TASK ITEM - The answer should hold every line of the listing, unchanged and free of images.

AVAILABLE DATA -
+-------+

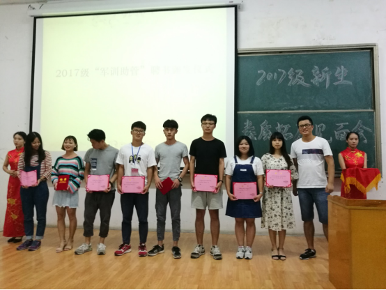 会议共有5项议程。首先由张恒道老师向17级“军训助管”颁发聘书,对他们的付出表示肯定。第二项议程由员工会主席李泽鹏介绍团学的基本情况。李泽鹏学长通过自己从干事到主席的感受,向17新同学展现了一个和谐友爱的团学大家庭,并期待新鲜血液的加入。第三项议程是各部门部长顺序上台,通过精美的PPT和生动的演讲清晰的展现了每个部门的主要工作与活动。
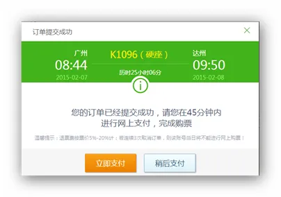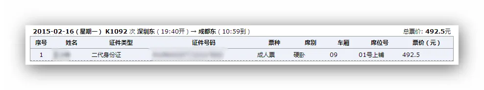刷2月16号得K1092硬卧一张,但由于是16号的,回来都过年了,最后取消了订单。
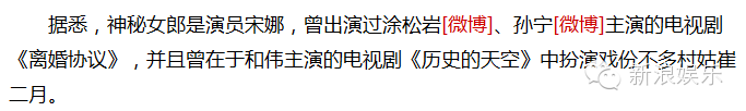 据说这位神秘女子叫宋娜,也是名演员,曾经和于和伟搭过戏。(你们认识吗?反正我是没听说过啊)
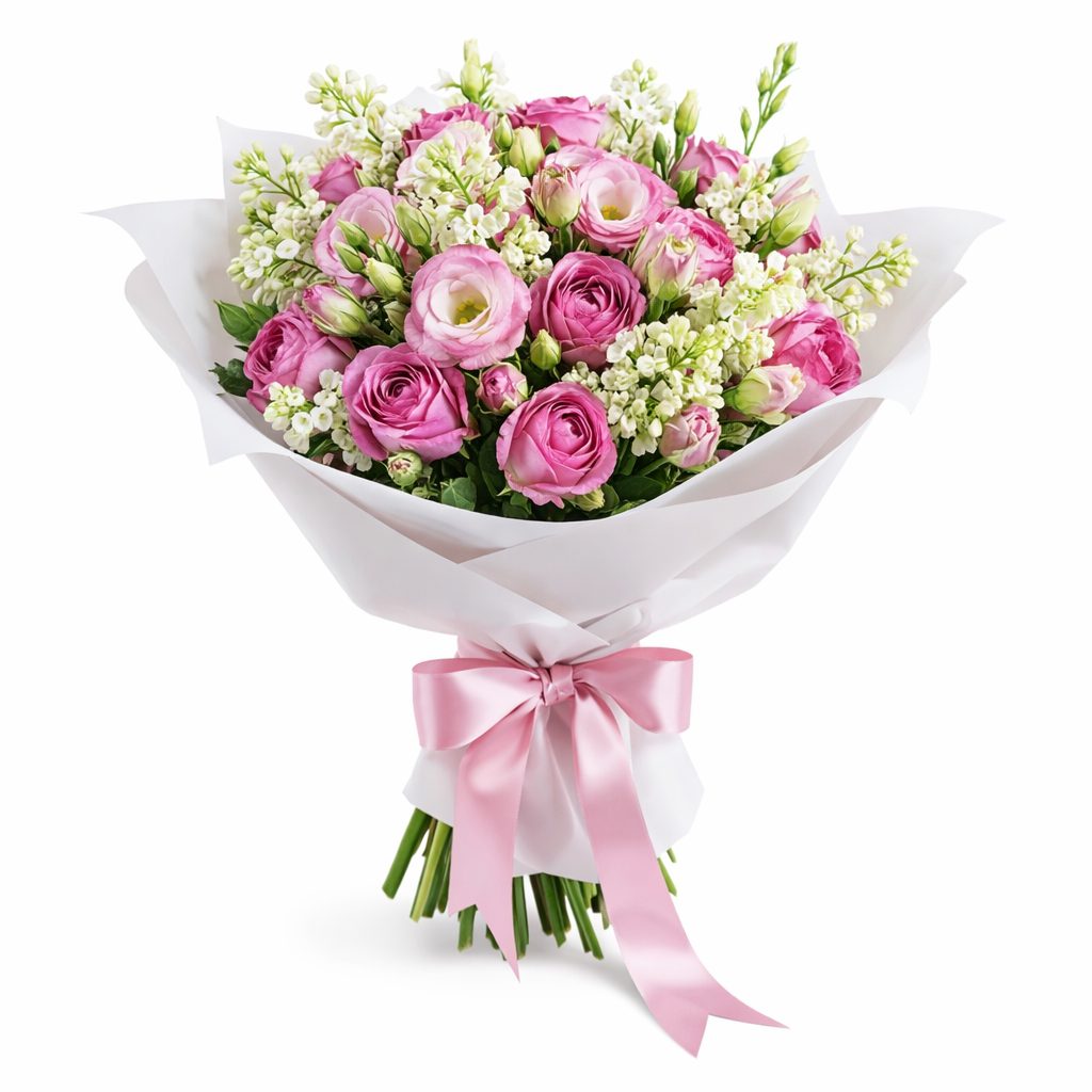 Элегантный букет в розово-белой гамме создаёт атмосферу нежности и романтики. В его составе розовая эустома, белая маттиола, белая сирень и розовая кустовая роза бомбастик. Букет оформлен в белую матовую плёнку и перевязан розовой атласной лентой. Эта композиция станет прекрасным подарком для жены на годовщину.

+-------+

TASK RESULT -
 会议共有5项议程。首先由张恒道老师向17级“军训助管”颁发聘书,对他们的付出表示肯定。第二项议程由员工会主席李泽鹏介绍团学的基本情况。李泽鹏学长通过自己从干事到主席的感受,向17新同学展现了一个和谐友爱的团学大家庭,并期待新鲜血液的加入。第三项议程是各部门部长顺序上台,通过精美的PPT和生动的演讲清晰的展现了每个部门的主要工作与活动。
刷2月16号得K1092硬卧一张,但由于是16号的,回来都过年了,最后取消了订单。
 据说这位神秘女子叫宋娜,也是名演员,曾经和于和伟搭过戏。(你们认识吗?反正我是没听说过啊)
 Элегантный букет в розово-белой гамме создаёт атмосферу нежности и романтики. В его составе розовая эустома, белая маттиола, белая сирень и розовая кустовая роза бомбастик. Букет оформлен в белую матовую плёнку и перевязан розовой атласной лентой. Эта композиция станет прекрасным подарком для жены на годовщину.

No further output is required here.